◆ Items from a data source

○ ○ ○ ○ ○ ○ ○

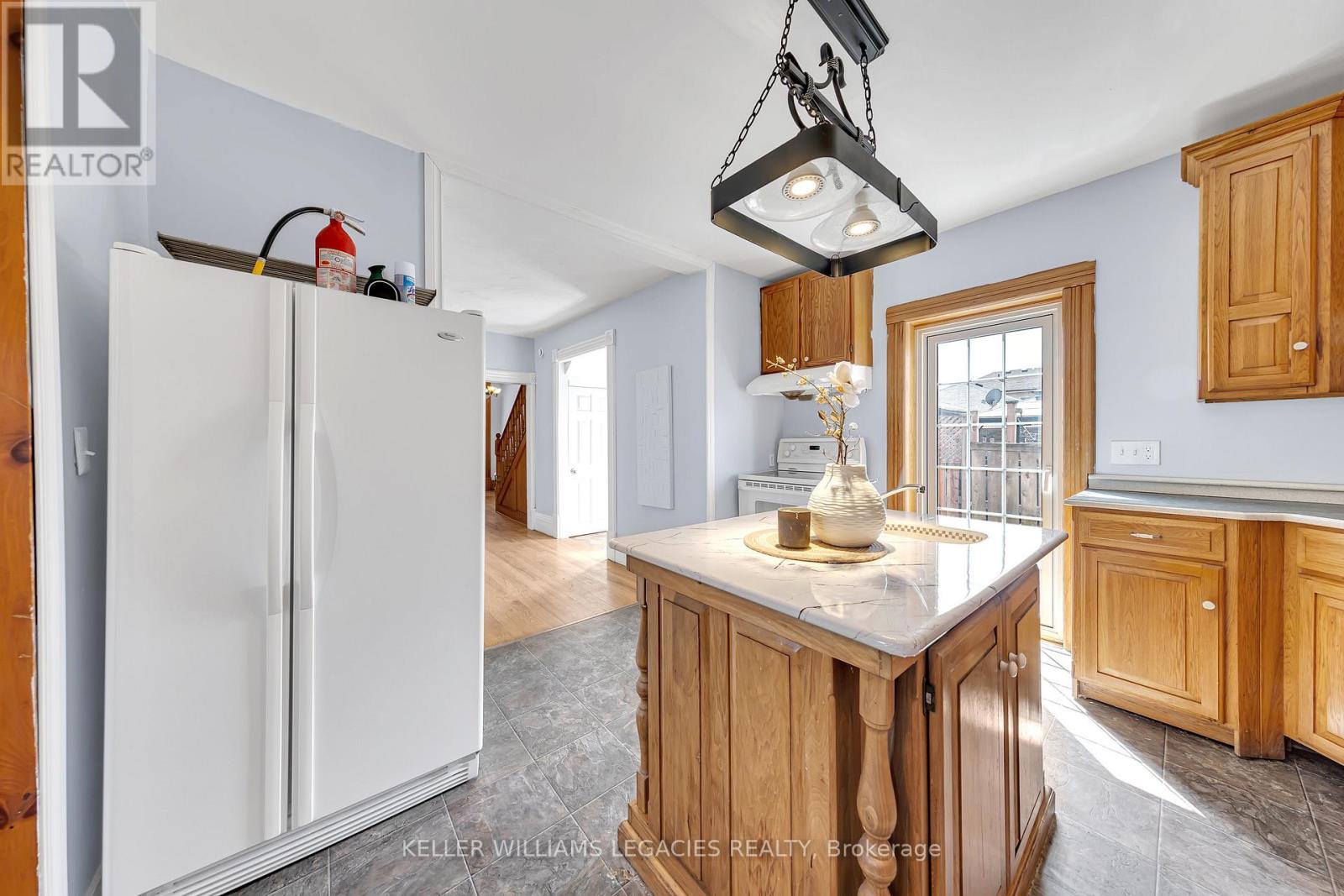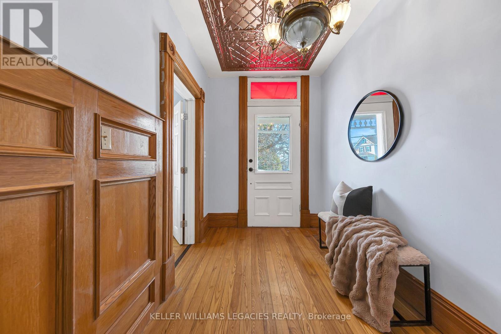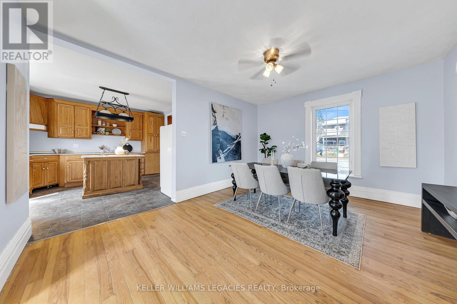 This beautifully maintained 2-storey brick home blends historic character with modern functionality. The main unit offers over 1,500 sq ft of living space, ideal for families, professionals, or students. Featuring 4 generously sized bedrooms (3 upstairs, 1 on the main floor), a large 5-piece bathroom on the second level, plus a convenient 2-piece powder room on the main. Enjoy the warmth of hardwood floors, stained glass windows, copper ceiling tiles, and original gingerbread trim on the covered front veranda. The hickory kitchen with island and walk-out to the backyard deck provides excellent prep and entertaining space, complemented by a formal dining room. Located in a well-connected area just 10 minutes to Trent University and Fleming College, this home is perfect for student housing or families seeking comfort and charm. With 5+ parking spaces, ample storage in the basement, and proximity to transit, shopping, parks, and highway access this is a unique rental opportunity you dont want to miss. Students welcome! (id:61423)
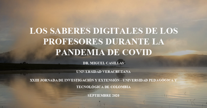 Casillas, M. A. (Septiembre, 2020). Los saberes digitales de los profesores durante la pandemia de COVID. Presentada en la XXIII Jornada de Investigación y Extensión de la Universidad Pedagógica y Tecnológica de Colombia.
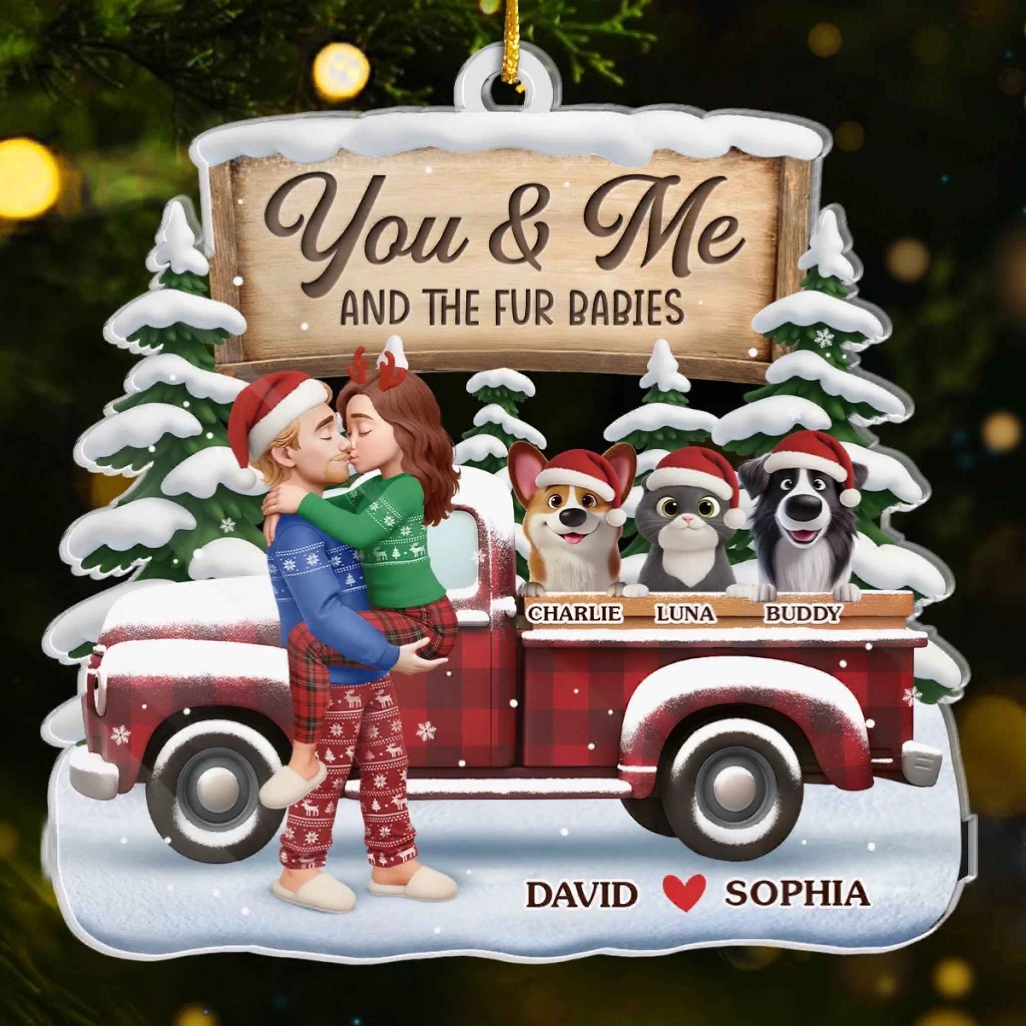 Custom Acrylic Ornament - Personalized Anniversary Christmas Wedding Gifts For Husband And Wife, Dog Cat Lovers - Just Two Humans And A Fur Army
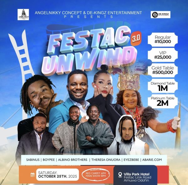 Festac Unwind 3.0 returns bigger and better — a thrilling night of music, comedy, and pure entertainment! Presented by AngelNikky Concept and De-Kingz Entertainment, this third edition promises an unforgettable experience filled with laughter, rhythm, and vibrant performances from some of Nigeria’s finest entertainers. Join top acts including Sabinus, BoyPee, Albino Brothers, Theresa Onuora, and Eyezbebe for a night that […]
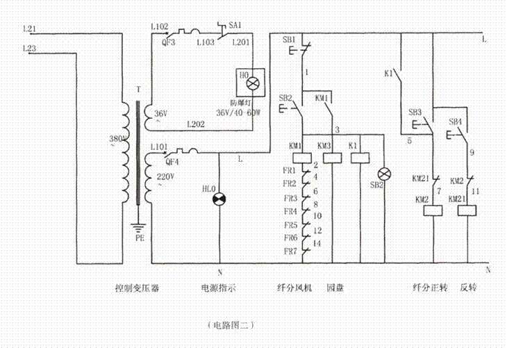 主風(fēng)機(jī)運(yùn)行:按下主風(fēng)機(jī)啟動(dòng)(SB8)主風(fēng)機(jī)作降壓?jiǎn)?dòng),15秒后(KT4,整定),主風(fēng)機(jī)全壓運(yùn)行。
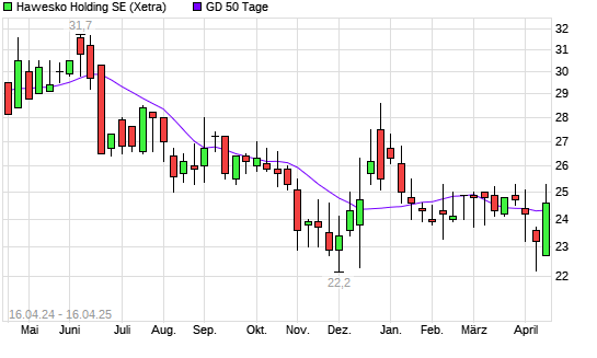 Mit dem Anstieg auf 24,40 EUR hat die Hawesko Holding-Aktie am 15.04.2025 die 50-Tage-Linie nach oben gekreuzt.
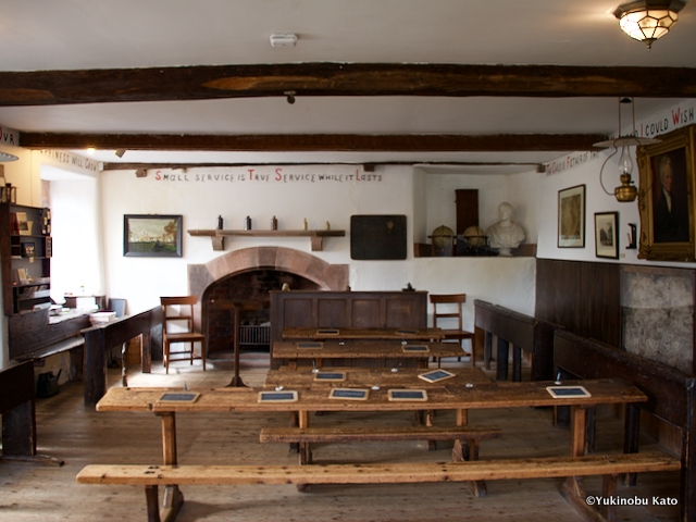 ちなみにグラマー・スクールとは当時のエリート養成校。ラテン語、ギリシャ語、科学などを教えていました。時間割は夏の場合、朝6時から11時、昼の休憩を挟んで13時から17時まで、冬は朝7時から11時、そして3時半から16時だったそうです。夏は1日9時間、冬は7時間半も授業があります! また学生(もちろん未成年)は、喫煙や飲酒、闘鶏などを嗜んだといいます。今回はピーター・ラビットを巡るコースですが、ワーズワースも通ったこのグラマースクールに立ち寄っても、興味深いと思います。
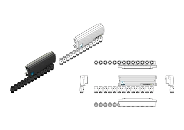 Vorverdrahtung Klemmleiste mit strawatherm Stellantrieben zum Heizen und Kühlen, für Anschlussverteiler e-class 63 oder Comfort-Anschlussstationen FBH-63, FBR-63, FBM-63, die Stellantriebe sind auf der Klemmleiste vorverdrahtet, die Klemmleiste wird bauseits mit dem Montageblech im Verteilerschrank über oder neben dem Heizkreisverteiler montiert, die Stellantriebe werden auf den Ventileinsätzen des Rücklaufbalkens aufgeschraubt.
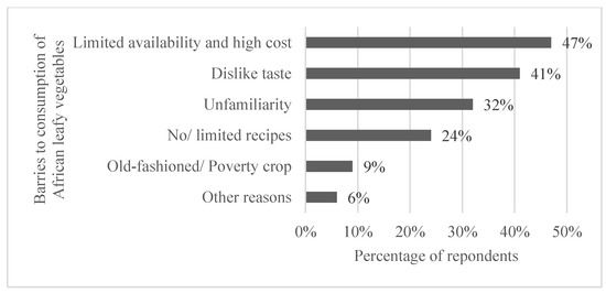 However, supply-side barriers and preferences persist. In South Africa’s Northwest province, limited crop availability was a key barrier to vegetable consumption [50]. A trend rooted in the post-colonial displacement of native crops has led to exotic vegetables being preferred over AVs, contributing to the neglect of the latter [51].

○ ○ ○ ○ ○ ○ ○

◆ Task brief
Please transcribe word for word the lines from the one bearing "主風(fēng)機(jī)運" through the last line of the records above, omitting the pictures.

◆ Solution for this problem
 主風(fēng)機(jī)運(yùn)行:按下主風(fēng)機(jī)啟動(dòng)(SB8)主風(fēng)機(jī)作降壓?jiǎn)?dòng),15秒后(KT4,整定),主風(fēng)機(jī)全壓運(yùn)行。
 Mit dem Anstieg auf 24,40 EUR hat die Hawesko Holding-Aktie am 15.04.2025 die 50-Tage-Linie nach oben gekreuzt.
 ちなみにグラマー・スクールとは当時のエリート養成校。ラテン語、ギリシャ語、科学などを教えていました。時間割は夏の場合、朝6時から11時、昼の休憩を挟んで13時から17時まで、冬は朝7時から11時、そして3時半から16時だったそうです。夏は1日9時間、冬は7時間半も授業があります! また学生(もちろん未成年)は、喫煙や飲酒、闘鶏などを嗜んだといいます。今回はピーター・ラビットを巡るコースですが、ワーズワースも通ったこのグラマースクールに立ち寄っても、興味深いと思います。
 Vorverdrahtung Klemmleiste mit strawatherm Stellantrieben zum Heizen und Kühlen, für Anschlussverteiler e-class 63 oder Comfort-Anschlussstationen FBH-63, FBR-63, FBM-63, die Stellantriebe sind auf der Klemmleiste vorverdrahtet, die Klemmleiste wird bauseits mit dem Montageblech im Verteilerschrank über oder neben dem Heizkreisverteiler montiert, die Stellantriebe werden auf den Ventileinsätzen des Rücklaufbalkens aufgeschraubt.
 However, supply-side barriers and preferences persist. In South Africa’s Northwest province, limited crop availability was a key barrier to vegetable consumption [50]. A trend rooted in the post-colonial displacement of native crops has led to exotic vegetables being preferred over AVs, contributing to the neglect of the latter [51].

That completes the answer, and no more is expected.